In 2019, the estate of Louis Gottlieb filed a civil lawsuit in New York Supreme Court against Peter Max, and the estate of Peter Max's late wife, Mary Max. The suit alleged that Peter and Mary Max had embezzled $4,600,000 from the $11,000,000 Gottlieb trust while the trust's grantor, Louis Gottlieb, was suffering from dementia. The suit further alleged that Peter and Mary Max had squandered the ill-gotten gains on luxury goods.
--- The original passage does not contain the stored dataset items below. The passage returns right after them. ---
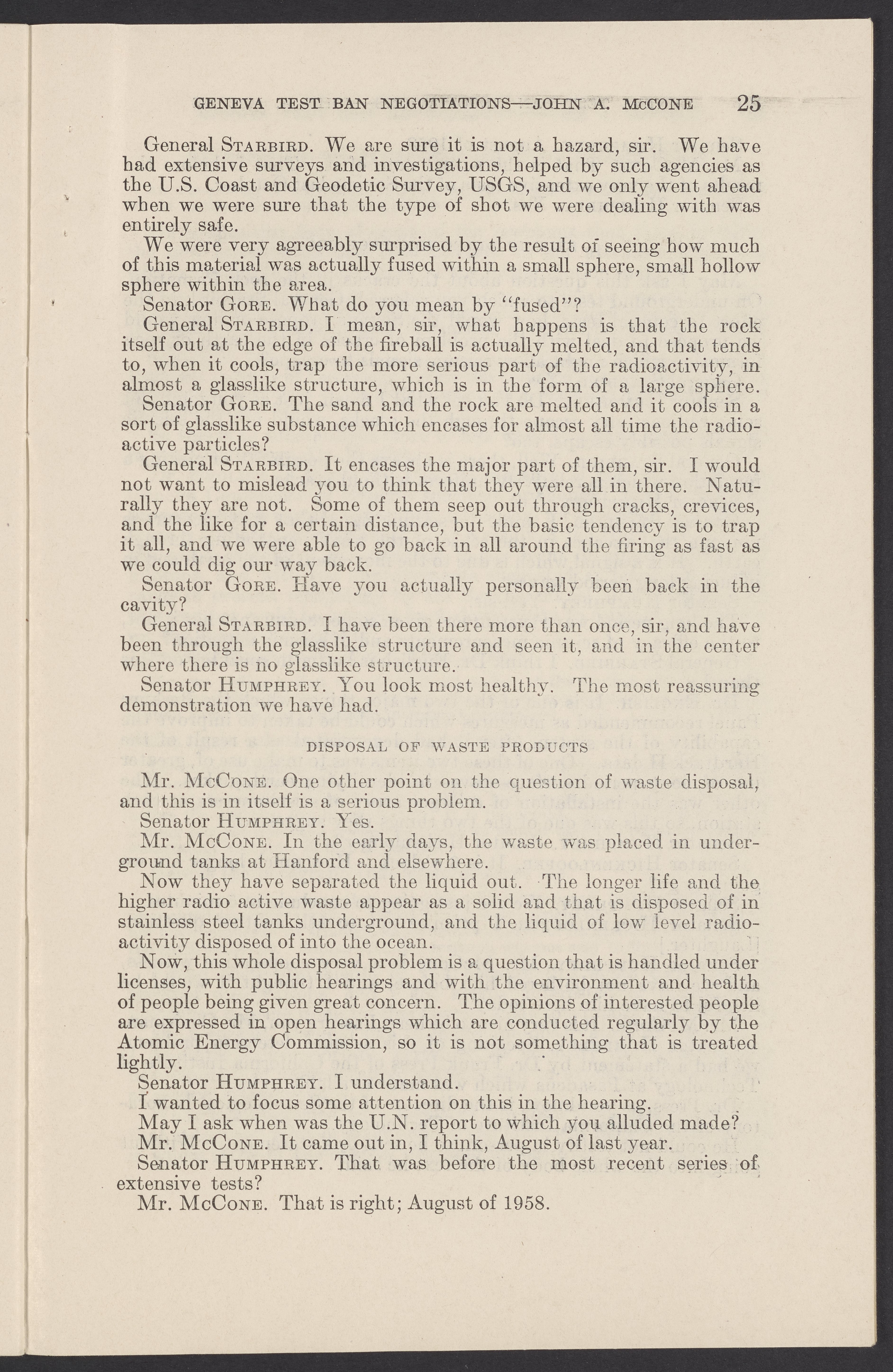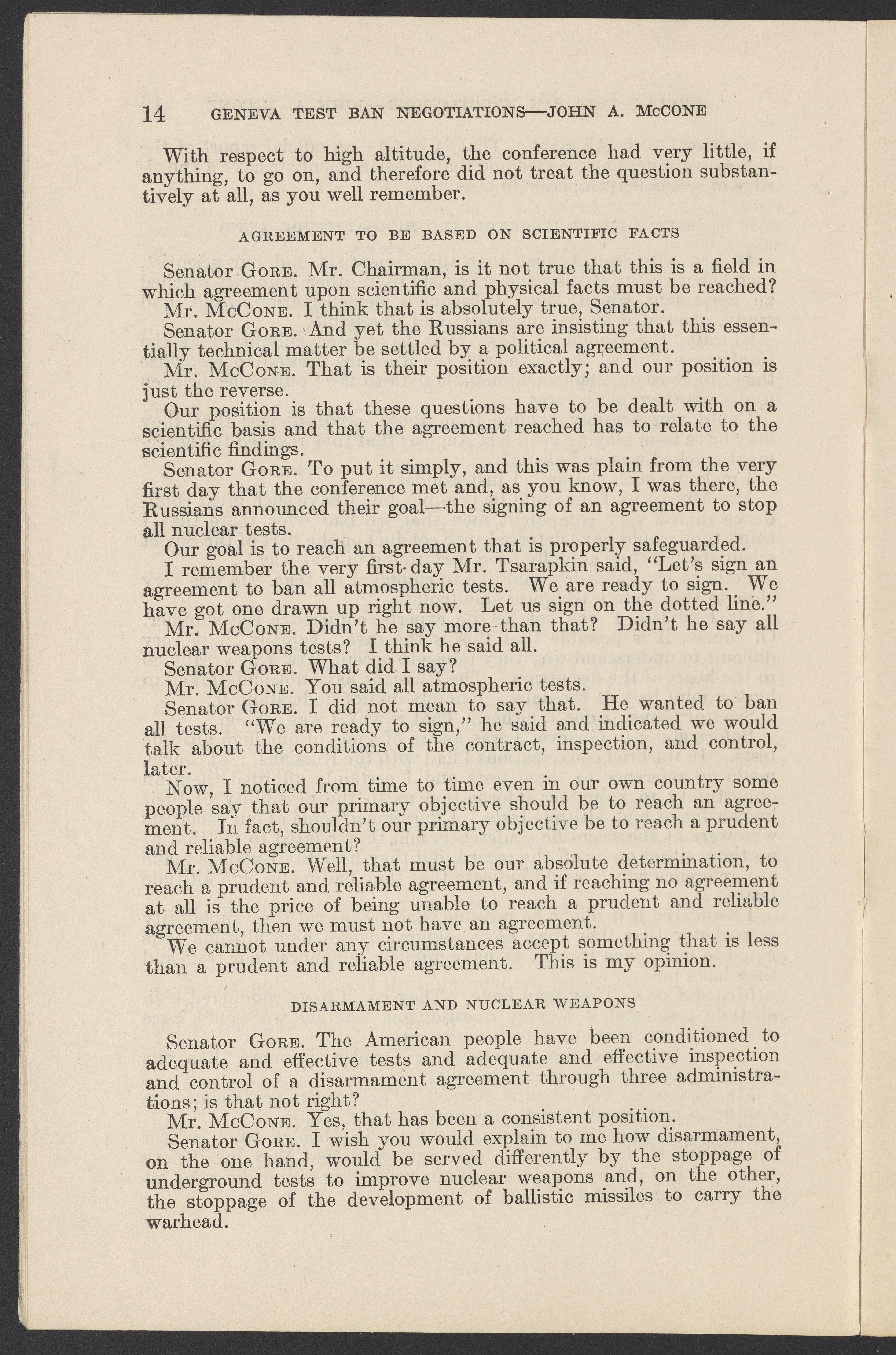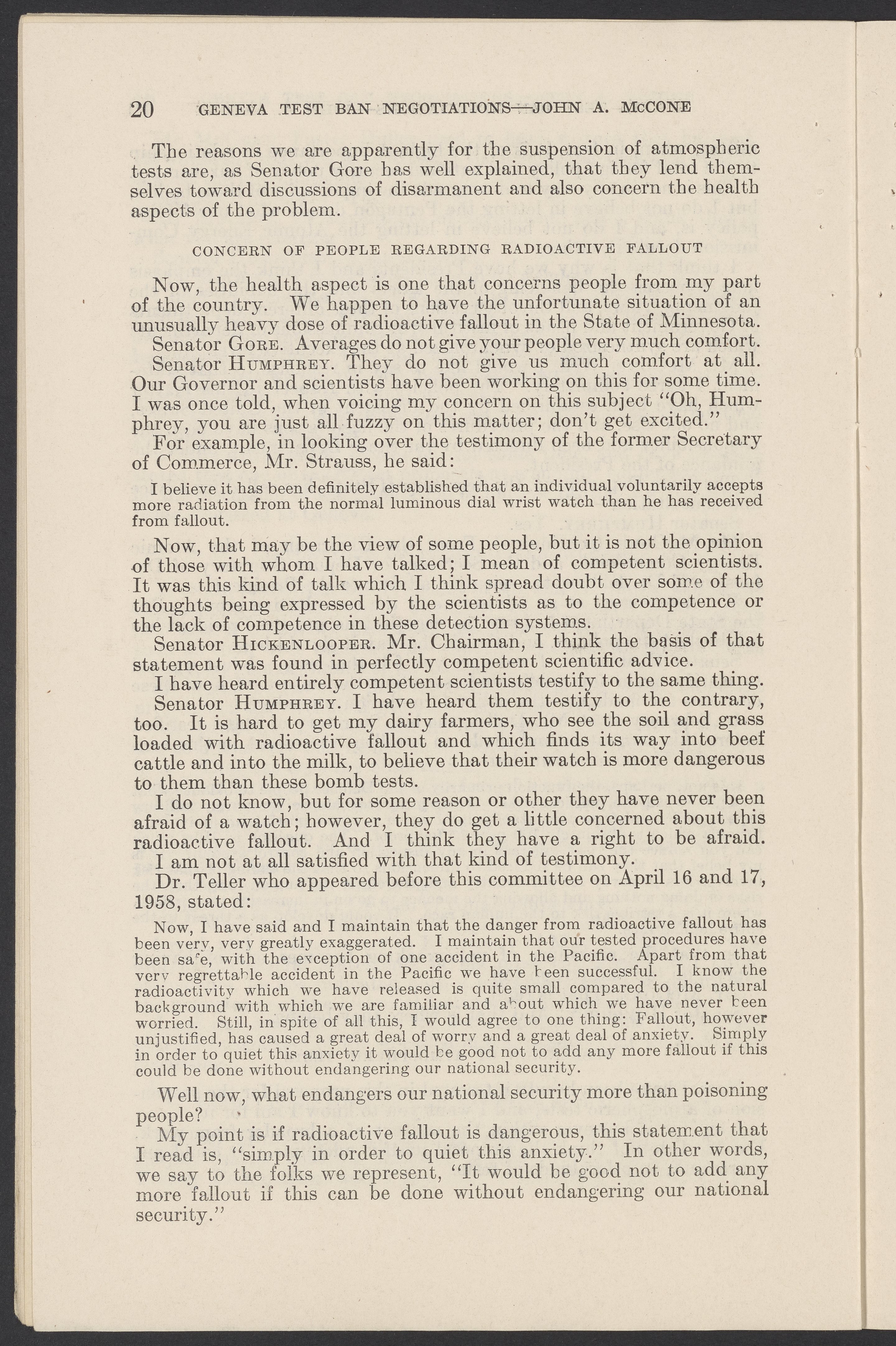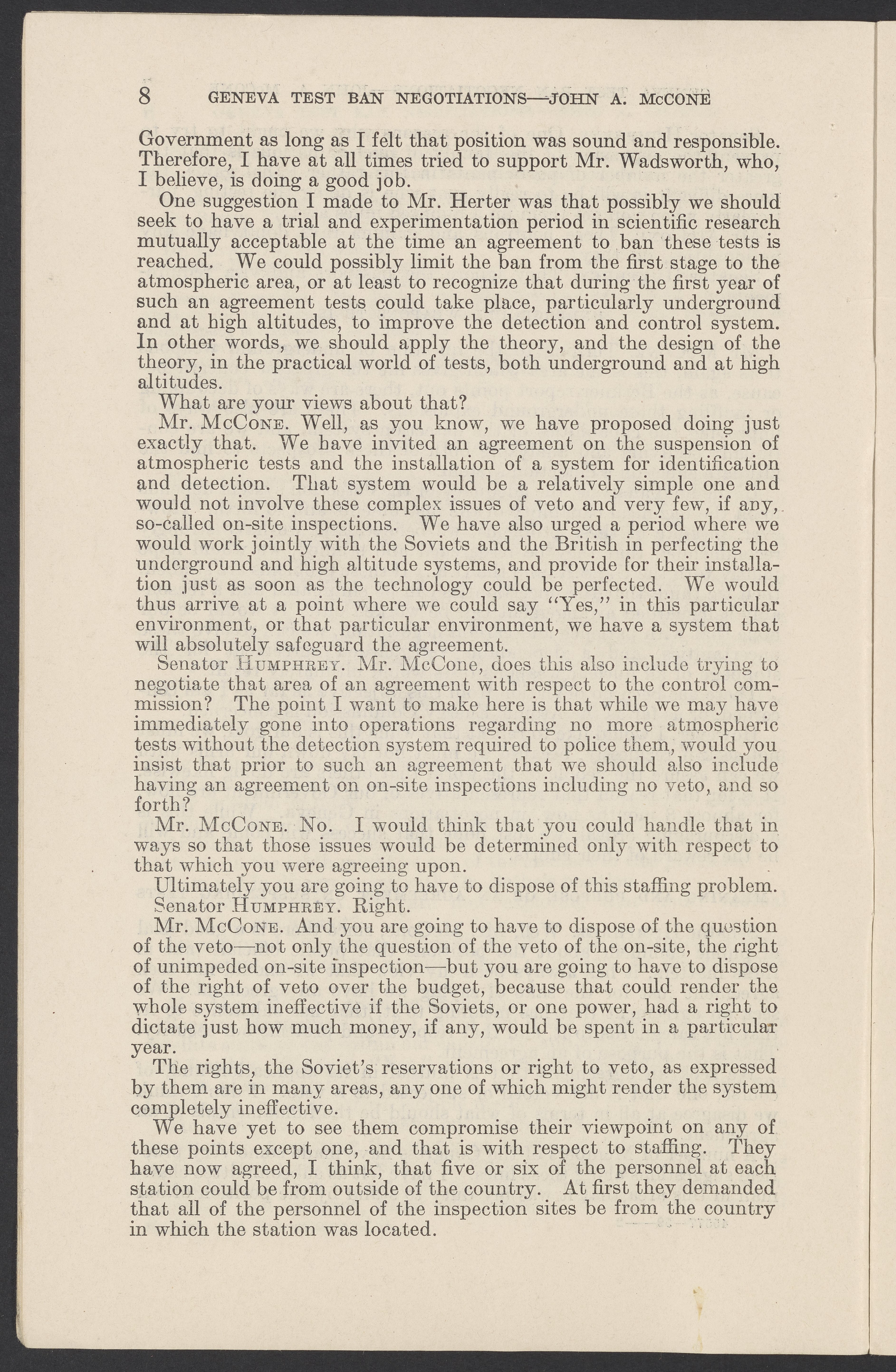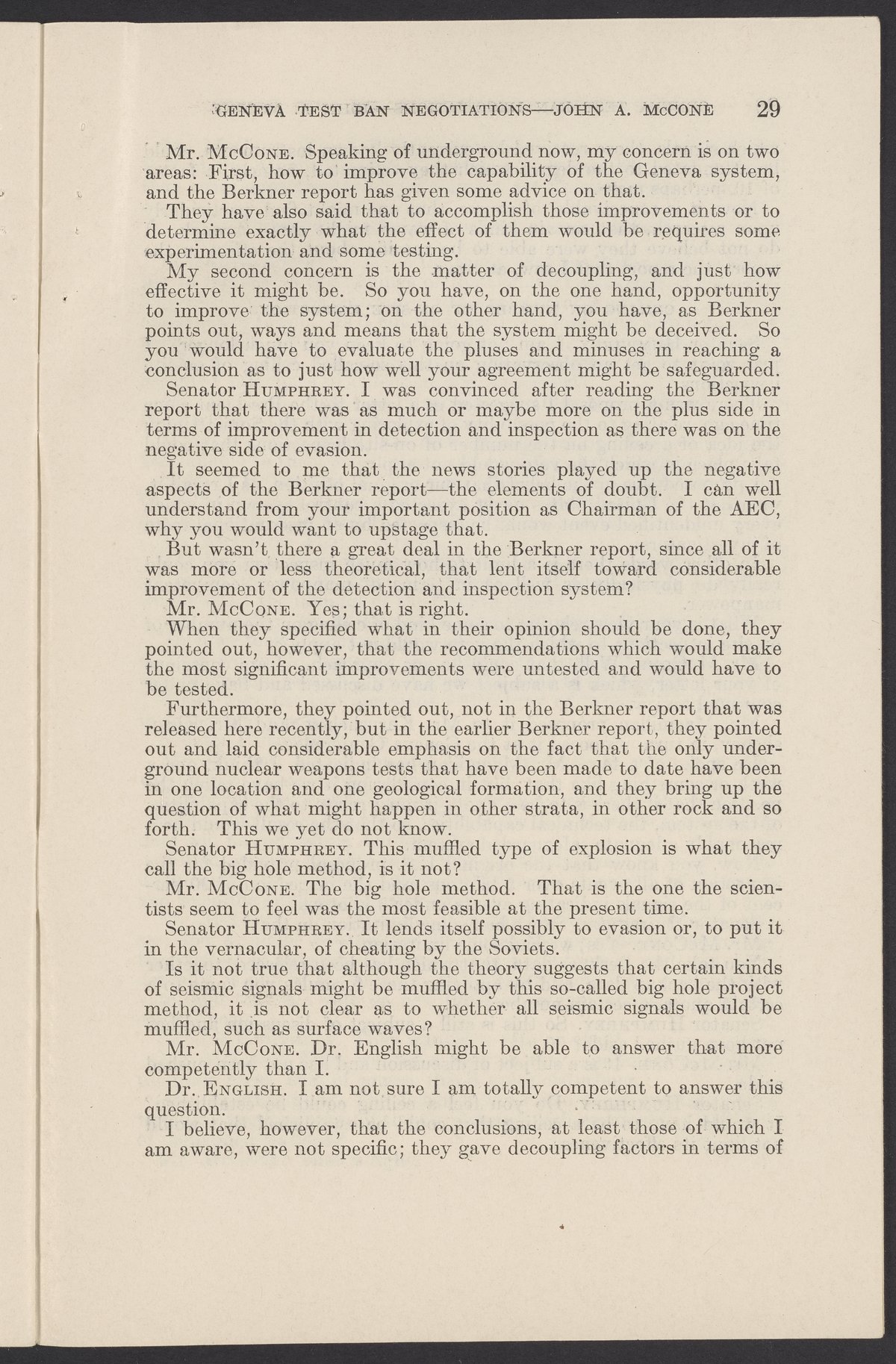 Small JPG1200 x 1831px — 279 KBLarge JPG2880 x 4394px — 1.5 MBFull-sized JPG3774 x 5758px — 2.4 MBOriginal fileTIFF — 3774 x 5758px — 62.2 MBTestimony of John A. McCone (1902-1991), chair of the Atomic Energy Commission (AEC), on Geneva test ban negotiation, given in hearing before the Subcommittee on Disarmament of the Committee on Foreign Relations, United States Senate.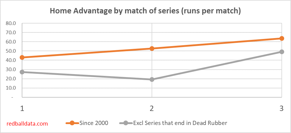 Excluding one-sided series shows lower home advantage (because it excludes big home wins when a visiting team can’t compete with a superior host team). The overall effect is the same though- home advantage gets markedly bigger in the later Tests.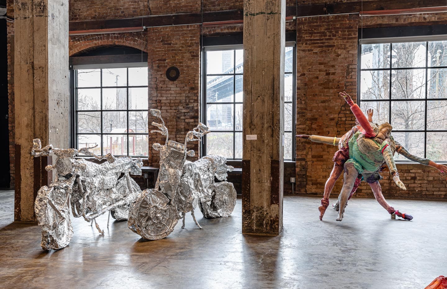 Across the gallery, “Ghost Bikes” (2014), two motorcycles made of aluminum foil, are robbed of the growling, low-throated power of actual motorcycles. Just as the ghosts of the original bikes seem to manifest, they shrink into aluminum-wrapped leftovers of a meal — or perhaps a reality that is hard to stomach.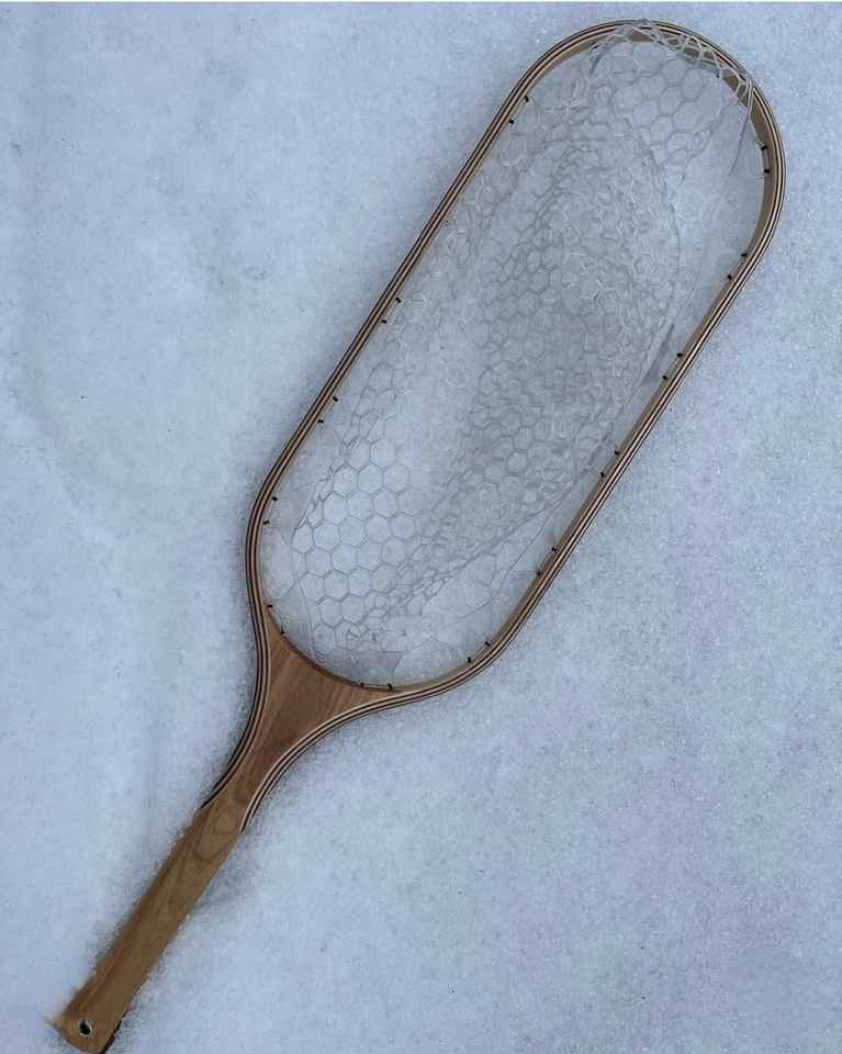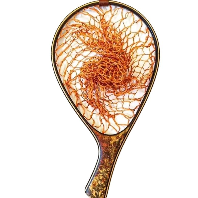 Épuisette de pêche à la mouche d'extérieur avec cadre en bois et filet en caoutchouc, outil de capture de truites à lancer à la main

According to the New York Post, "They used much of the cash to splurge on bling, including a Cartier bracelet, earrings and a ring collectively worth $1.485 million; $1.3 million in jewelry from Bhagat; a Verdura ring costing $58,500; and $47,000 Van Cleef & Arpels earrings, among dozens of other pricey purchases, according to Lou's daughter, who is seeking to recoup the cash." The Gottlieb estate sought to recover a portion of the alleged ill-gotten proceeds from Peter Max following Mary Max's suicide when Peter Max attempted to liquidate the luxury goods at Doyle New York.

==Personal life==
Max married his first wife, Elizabeth Ann Nance, in 1963, and they divorced in 1976. Max had a nine-year-long relationship with musician and model Rosie Vela that ended in 1985. He was also romantically connected with Tina Louise. Max married Mary Balkin in 1997; she died by suicide (nitrogen asphyxiation) in June 2019.

He was an environmentalist, vegan, and supporter of human and animal rights. In 2002, Max contributed to rescue efforts for Cincinnati Freedom, a cow that escaped from an Ohio slaughterhouse. The cow jumped over a six-foot fence while the slaughterhouse workers were on break and eluded capture for eleven days. Max donated $180,000 worth of his art to benefit the local Society for the Prevention of Cruelty to Animals, which led to the cow being sent to Farm Sanctuary in Watkins Glen, New York, a permanent home where she remained for the rest of her life.

Max lived in New York City and had two adult children, Adam Cosmo Max and Libra Astro Max.

===Illness and death===
In 2021, it was reported that Max had developed advanced dementia, largely the result of Alzheimer's disease. There was controversy concerning the guardianship Max was under. For some years his daughter had worked to revise the guardianship.

Max died from complications of dementia at a hospital in New York, on September 14, 2026, at the age of 88.

==Legacy==
Following his death, The New York Times noted that Max's work "breathed the spirit of the 1960s". The Associated Press said that Max's psychedelic pop art "expressed the optimism of the 'flower power' movement of the 1960s". The Washington Post also highlighted that Max's work came to symbolize the 1960s.